Removing of kwayland-server and kwayland-server” is soft blocking kde-plasma/kwin-5.25.2

A big change for Plasma KDE happened two months ago – a “Merge kwayland-server into kwin“.
So after KDE Plasma 5.25, there is no kwayland-server any more (respectively no kwayland-server with version 5.25 and no package in Gentoo) and it may block a Gentoo update with the following error:

mydesktop root # emerge -va --verbose-conflicts --verbose --backtrack=300 $(qlist -IC|grep -i kde)
......
......
[ebuild     U  ] dev-util/kdevelop-php-22.04.2:5::gentoo [21.12.3:5::gentoo] USE="handbook -debug -test" 1,057 KiB
[ebuild     U  ] kde-apps/umbrello-22.04.2:5::gentoo [21.12.3:5::gentoo] USE="handbook php -debug -test" 5,544 KiB
[ebuild     U  ] kde-apps/kross-interpreters-22.04.2:5::gentoo [21.12.3:5::gentoo] USE="-debug" 149 KiB
[blocks B      ] kde-plasma/kwayland-server ("kde-plasma/kwayland-server" is soft blocking kde-plasma/kwin-5.25.2)

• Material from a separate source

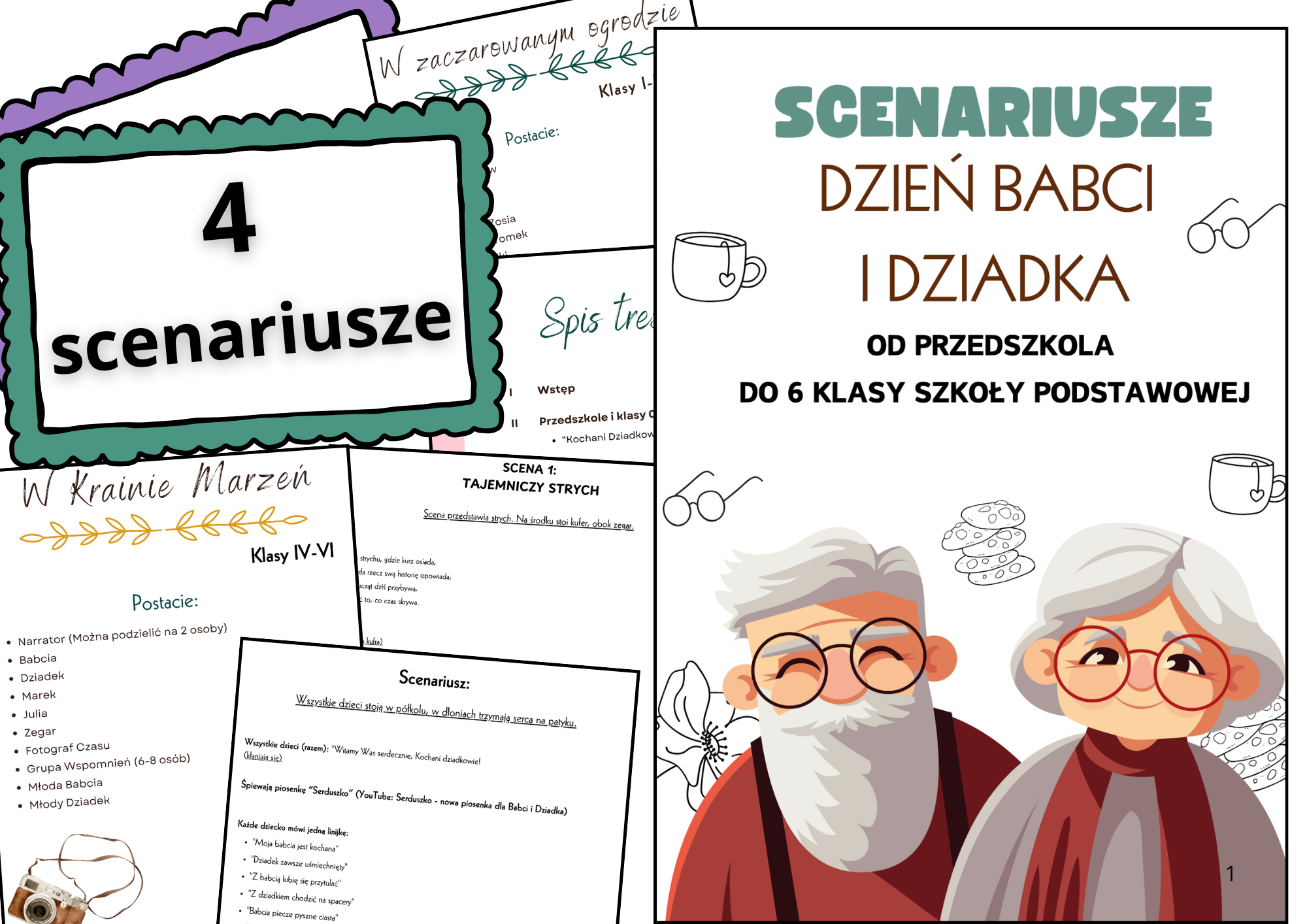 Słowa kluczowe: scenariusze na Dzień Babci i Dziadka, akademie szkolne, występy dla dzieci, ebook dla nauczycieli, przedszkola, klasy 1-3, klasy 4-6, dziadek, babcia, rodzina, kreatywność, podstawówka, uczniowie

Total: 340 packages (329 upgrades, 5 new, 6 reinstalls), Size of downloads: 1,001,699 KiB
Conflict: 1 block (1 unsatisfied)

 * Error: The above package list contains packages which cannot be
 * installed at the same time on the same system.

  (kde-plasma/kwayland-server-5.24.5-r1:5/5::gentoo, ebuild scheduled for merge) pulled in by
    kde-plasma/kwayland-server
    kde-plasma/kwayland-server:5::gentoo required by @selected 
    kde-plasma/kwayland-server required by @selected 

  (kde-plasma/kwin-5.25.2:5/5::gentoo, ebuild scheduled for merge) pulled in by
    >=kde-plasma/kwin-5.25.2:5 required by (kde-plasma/plasma-desktop-5.25.2:5/5::gentoo, ebuild scheduled for merge) USE="handbook ibus kaccounts scim semantic-desktop -debug -emoji -telemetry -test" ABI_X86="(64)"
    >=kde-plasma/kwin-5.25.2:5[lock] required by (kde-plasma/plasma-meta-5.25.2:5/5::gentoo, ebuild scheduled for merge) USE="accessibility bluetooth browser-integration crash-handler crypt desktop-portal display-manager elogind gtk handbook kwallet legacy-systray networkmanager pulseaudio sddm smart wallpapers -colord -discover (-firewall) -grub -plymouth -sdk -systemd -thunderbolt" ABI_X86="(64)"
    >=kde-plasma/kwin-5.25.2:5 required by (kde-plasma/libkworkspace-5.25.2:5/5::gentoo, ebuild scheduled for merge) USE="-debug -test" ABI_X86="(64)"
    >=kde-plasma/kwin-5.25.2:5 required by (kde-plasma/plasma-workspace-5.25.2:5/5::gentoo, ebuild scheduled for merge) USE="calendar fontconfig geolocation handbook policykit semantic-desktop -appstream -debug -gps -screencast -telemetry -test" ABI_X86="(64)"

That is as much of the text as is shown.